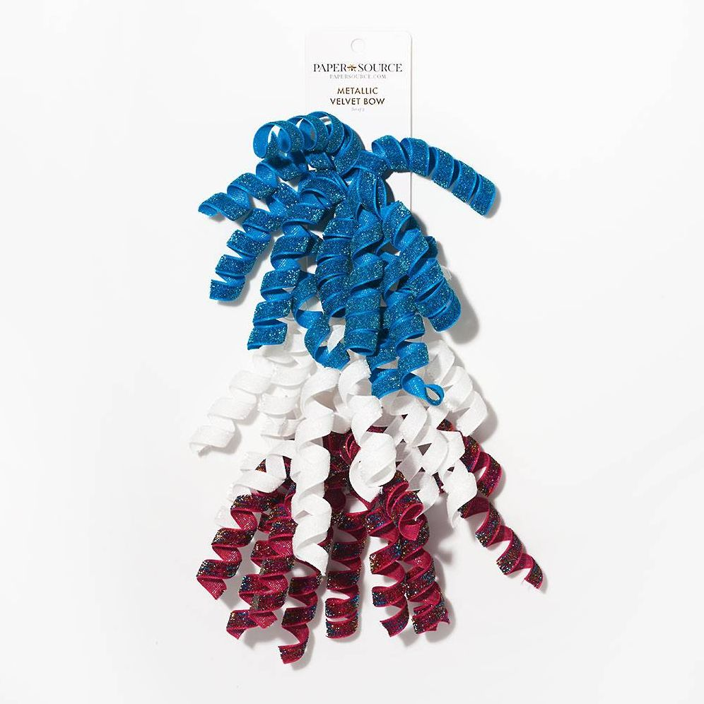 The perfect set of 3 curly bows to accessorize any gift wrapping job! These 3 velvet bows have just the right amount of sparkle!
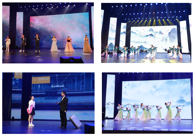 新年新气象,福娃贺新春。舞蹈《福娃闹春》拉开了晚会的帷幕,送走丑牛,又是一段青春岁月,迎来寅虎,又是一年奋斗时光。啦啦操《舞动青春》活力四射,彰显青春风采。合唱《强国一代有我在》歌声嘹亮,献礼党的百年华诞,书写重工商大为祖国发展建言献策,齐心协力,再谱新篇。街舞《好运来》舞蹈《盛开》带来新的一年好运连连的美好心愿,相声《有哲理的人》呼吁绿色出行,引人深思。乐器演奏《水草舞》《琵琶语》《大鱼》展示着东方的神韵,以悠扬的音符向观众分享幸福和喜悦,歌颂祖国在新时代的春风中起舞绽放。太极舞蹈《少年中国说》以磅礴大气的演绎,赢得观众的热烈掌声。国标舞《信仰》展现了重工商大学子自信满满、奋发向上的精神面貌和健康活泼的青春风采。歌曲《星辰大海》表达了青年学子对梦想的无限追求,唱响主旋律,讴歌新时代。舞蹈《雨歇》、小品《双城故事》饱含着对未来的无限希望,绽放着青春与梦想的光芒。服装秀《大隐生花》更是将当代重工商大艺术学子的专业素养与创造能力展现得淋漓尽致。
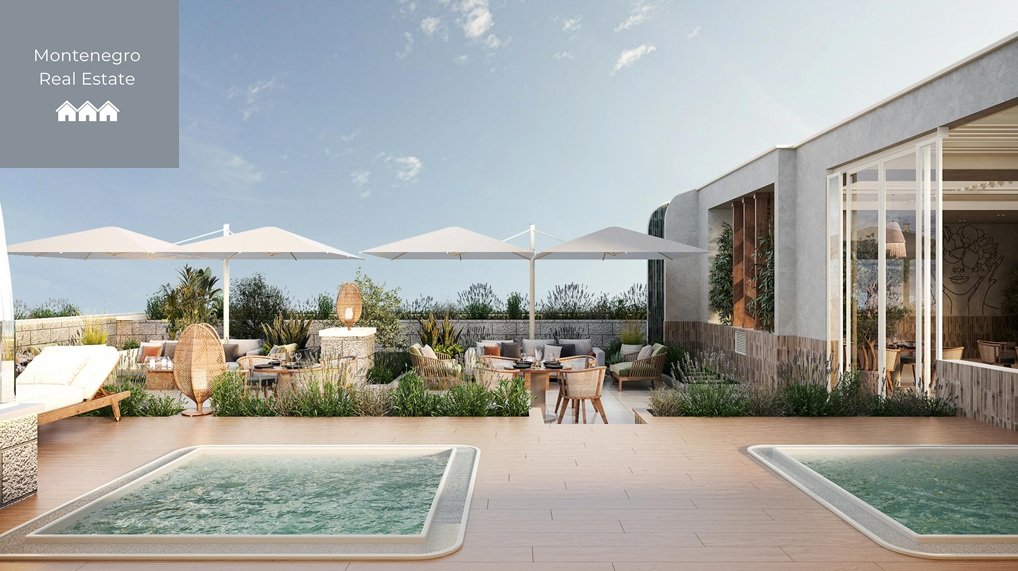 This five-star mixed-purpose hotel and residential complex is the first of its kind on the Bar Riviera, offering modern luxury in harmony with nature. Located directly on the seafront in the heart of Dobra Voda, it provides a perfect blend of high-end living and investment potential. The cascading design ensures uninterrupted sea views from every apartment.
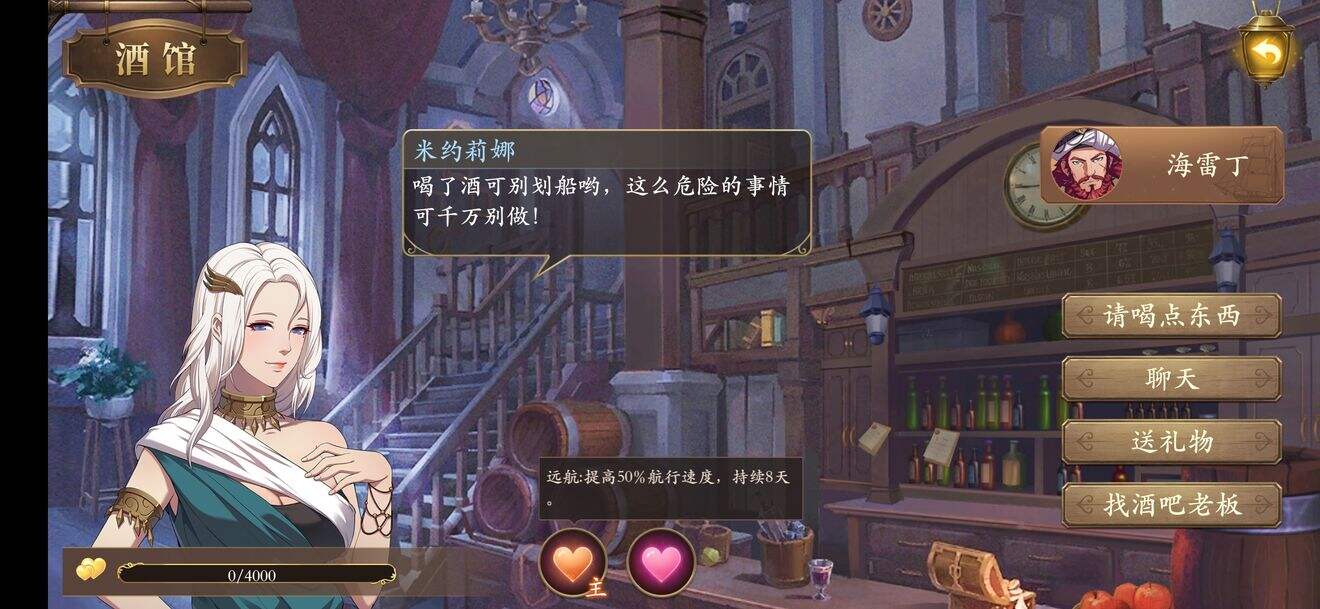其实拿到两到三重排已经差不多无敌了,装几个烟雾炮,炮船也OK。但是这不是我们的终点,我们要招打工人帮我们打工!称霸七海!娶老婆!当然娶老婆最重要!虽然语音都是棒读的,没感情,就是上学听力测试的那种,但是没关系,立绘过得去。这毕竟是一个跑商赚钱游戏,而且重排打起来修理太耗钱,打劫一个商队,结果卖的钱还不够维修。

· · · ·

*REQUIRED ACTION:*
Word for word, give the data above again, without any images.

*WRITTEN ANSWER:*
 The perfect set of 3 curly bows to accessorize any gift wrapping job! These 3 velvet bows have just the right amount of sparkle!
 新年新气象,福娃贺新春。舞蹈《福娃闹春》拉开了晚会的帷幕,送走丑牛,又是一段青春岁月,迎来寅虎,又是一年奋斗时光。啦啦操《舞动青春》活力四射,彰显青春风采。合唱《强国一代有我在》歌声嘹亮,献礼党的百年华诞,书写重工商大为祖国发展建言献策,齐心协力,再谱新篇。街舞《好运来》舞蹈《盛开》带来新的一年好运连连的美好心愿,相声《有哲理的人》呼吁绿色出行,引人深思。乐器演奏《水草舞》《琵琶语》《大鱼》展示着东方的神韵,以悠扬的音符向观众分享幸福和喜悦,歌颂祖国在新时代的春风中起舞绽放。太极舞蹈《少年中国说》以磅礴大气的演绎,赢得观众的热烈掌声。国标舞《信仰》展现了重工商大学子自信满满、奋发向上的精神面貌和健康活泼的青春风采。歌曲《星辰大海》表达了青年学子对梦想的无限追求,唱响主旋律,讴歌新时代。舞蹈《雨歇》、小品《双城故事》饱含着对未来的无限希望,绽放着青春与梦想的光芒。服装秀《大隐生花》更是将当代重工商大艺术学子的专业素养与创造能力展现得淋漓尽致。
 This five-star mixed-purpose hotel and residential complex is the first of its kind on the Bar Riviera, offering modern luxury in harmony with nature. Located directly on the seafront in the heart of Dobra Voda, it provides a perfect blend of high-end living and investment potential. The cascading design ensures uninterrupted sea views from every apartment.
其实拿到两到三重排已经差不多无敌了,装几个烟雾炮,炮船也OK。但是这不是我们的终点,我们要招打工人帮我们打工!称霸七海!娶老婆!当然娶老婆最重要!虽然语音都是棒读的,没感情,就是上学听力测试的那种,但是没关系,立绘过得去。这毕竟是一个跑商赚钱游戏,而且重排打起来修理太耗钱,打劫一个商队,结果卖的钱还不够维修。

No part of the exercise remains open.